LIFETIME BRANDS, INC.

NOTES TO CONSOLIDATED FINANCIAL STATEMENTS

DECEMBER 31, 2018

 

Future minimum payments under non-cancelable operating leases are as follows (in thousands):

 

Year Ending December 31,       

2019

   $ 16,238  

2020

     14,898  

2021

     14,498  

2022

     14,744  

2023

     14,589  

Thereafter

     62,698  
  

 

 

 

Total

   $ 137,665  
  

 

 

 

Future minimum lease payments exclude payments for leases that have not yet commenced.

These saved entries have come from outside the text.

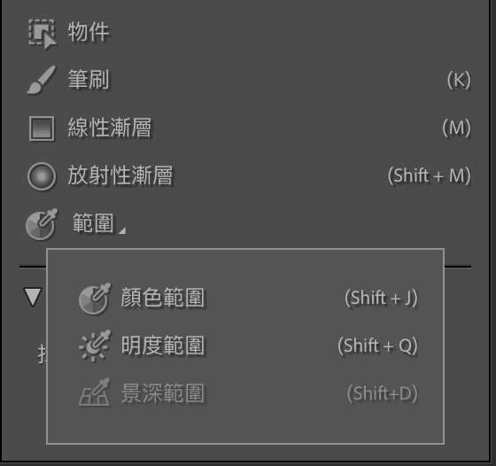 最新版本的LR有一項功能,針對照片局部建立濾鏡。我們首先選擇濾鏡,再選擇明度範圍。在照片亮點點一下。留意畫面變紅的地方就是選取了的高光。
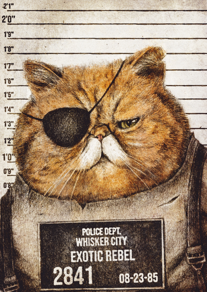 "This artwork features a grumpy cat with an eye patch in a humorous mugshot titled "Exotic Rebel" from Whisker City Police Dept. The quirky illustration adds a playful twist to feline portraiture, blending humor and art for cat lovers everywhere."
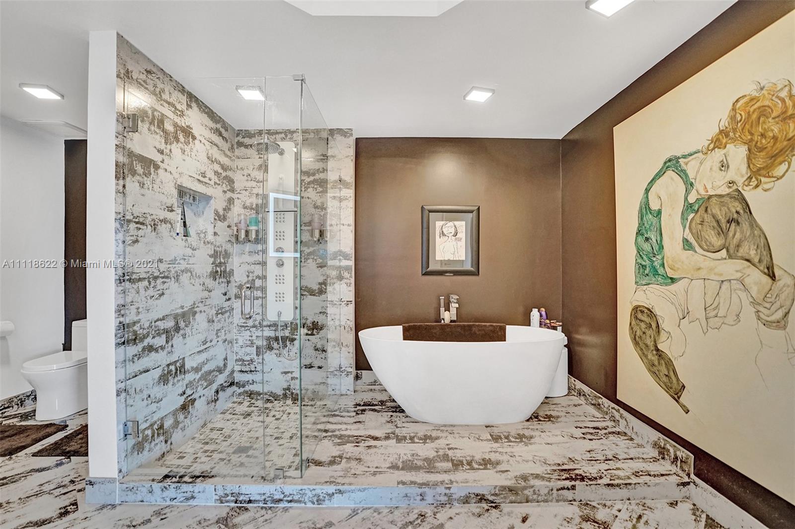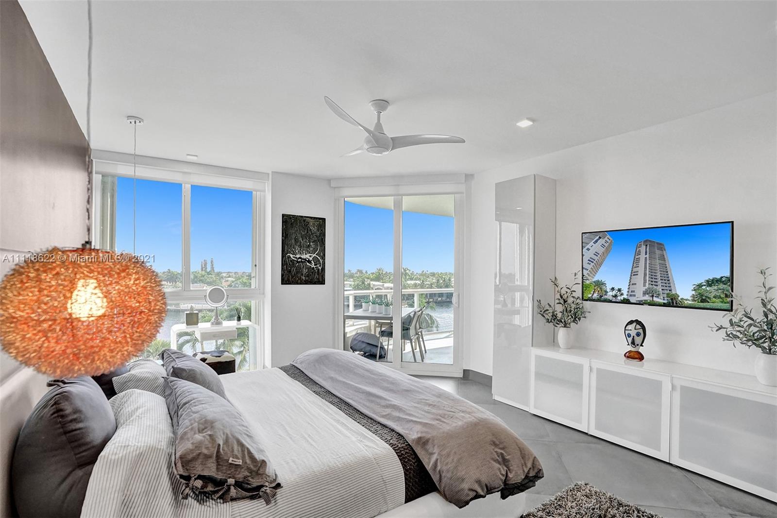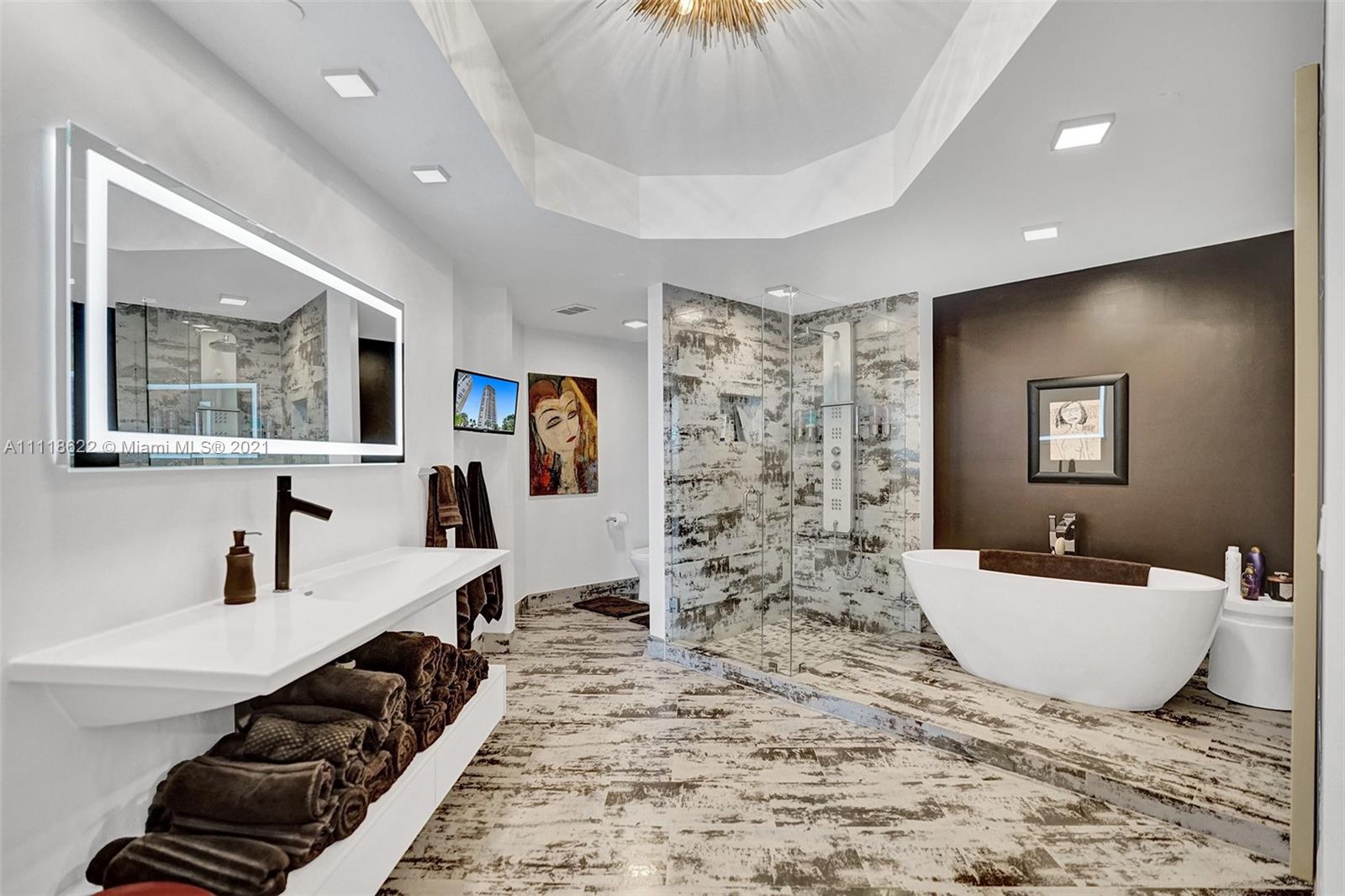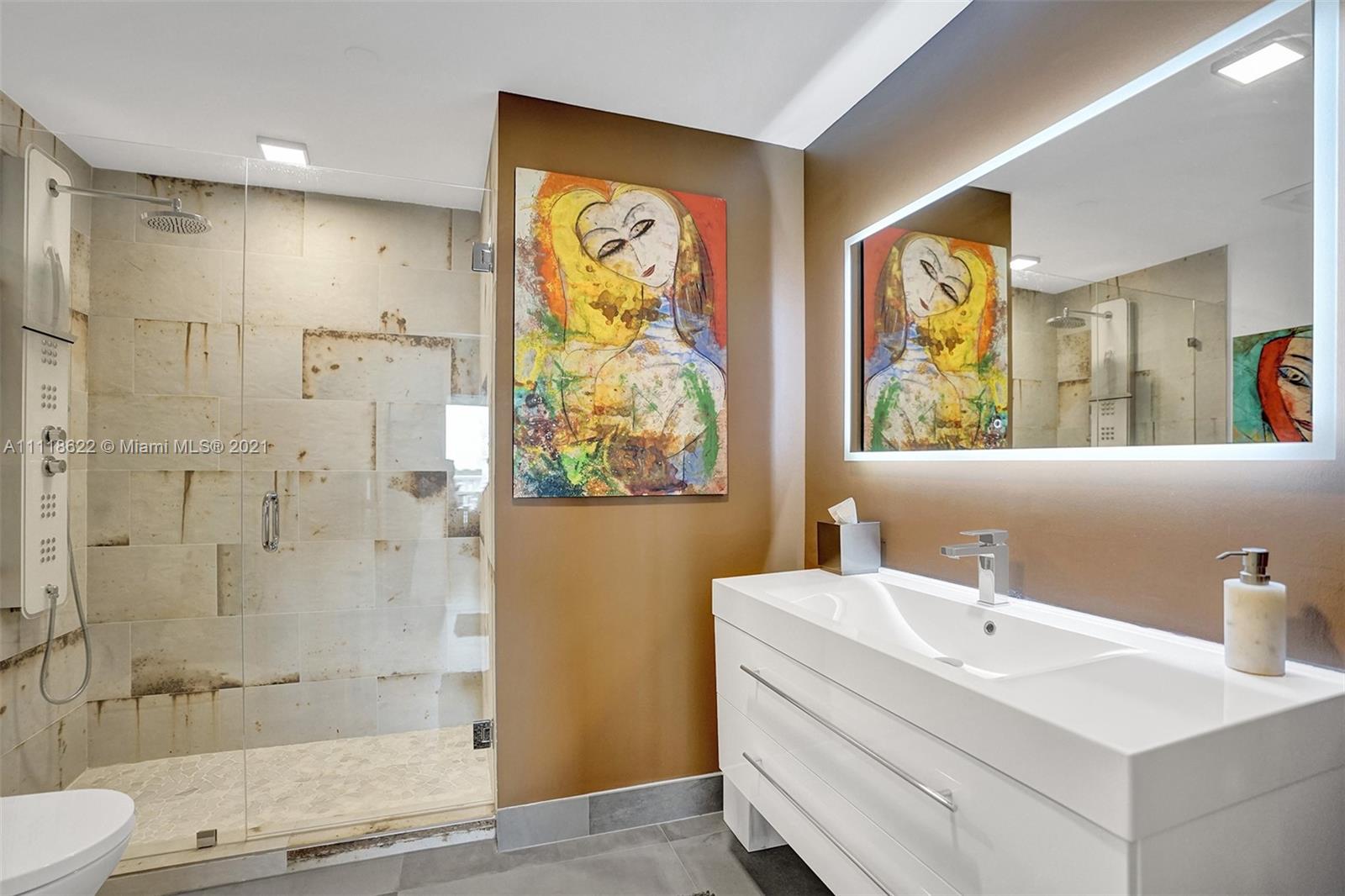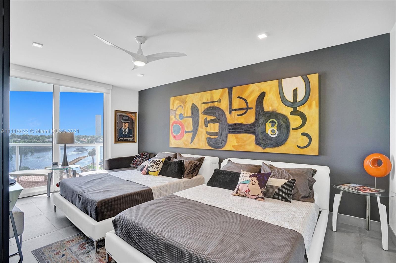 This impressive contemporary residence surrounded by Awe-inspiring water views. Fully remodeled unit with incredible outdoor space accessible from every room. Features porcelain tiles and recessed lighting throughout. LED colored lighting surround in main room. Electric shades. A stylish kitchen that flows through to the dining room. Stainless steel Viking refrigerator & Kitchen Aid appliances, Reverse Osmosis water filter, white & grey cabinets, quartz counter tops & back splash. 3 bedrooms, 2.5 luxurious baths. Master bedroom with walk-in robe & ensuite, modern free standing oval bathtub, separate glass shower with elegant porcelain tile. Extraordinary Smart home/electronics features. One Island Place, a luxury gated resort style community that has direct access to the Waterways Marina.

Rent and related expenses under operating leases were $18.4 million, $16.8 million and $16.6 million for the years ended December 31, 2018, 2017 and 2016, respectively.    

Royalties

The Company has license agreements that require the payment of royalties on sales of licensed products which expire through 2023. Future minimum royalties payable under these agreements are as follows (in thousands):

 

Year ending December 31,       

2019

   $ 7,927  

2020

     8,485  

2021

     8,942  

2022

     926  

2023

     156  

Thereafter

     —    
  

 

 

 

Total

   $ 26,436  
  

 

 

 

Legal proceedings

Wallace Silversmiths de Puerto Rico, Ltd. (“WSPR”), a wholly-owned subsidiary of the Company, operates a manufacturing facility in San Germán, Puerto Rico that is leased from the Puerto Rico Industrial Development Company (“PRIDCO”). In March 2008, the United States Environmental Protection Agency (the “EPA”) announced that the San Germán Ground Water Contamination site in Puerto Rico (the “Site”) had been added to the Superfund National Priorities List due to contamination present in the local drinking water supply.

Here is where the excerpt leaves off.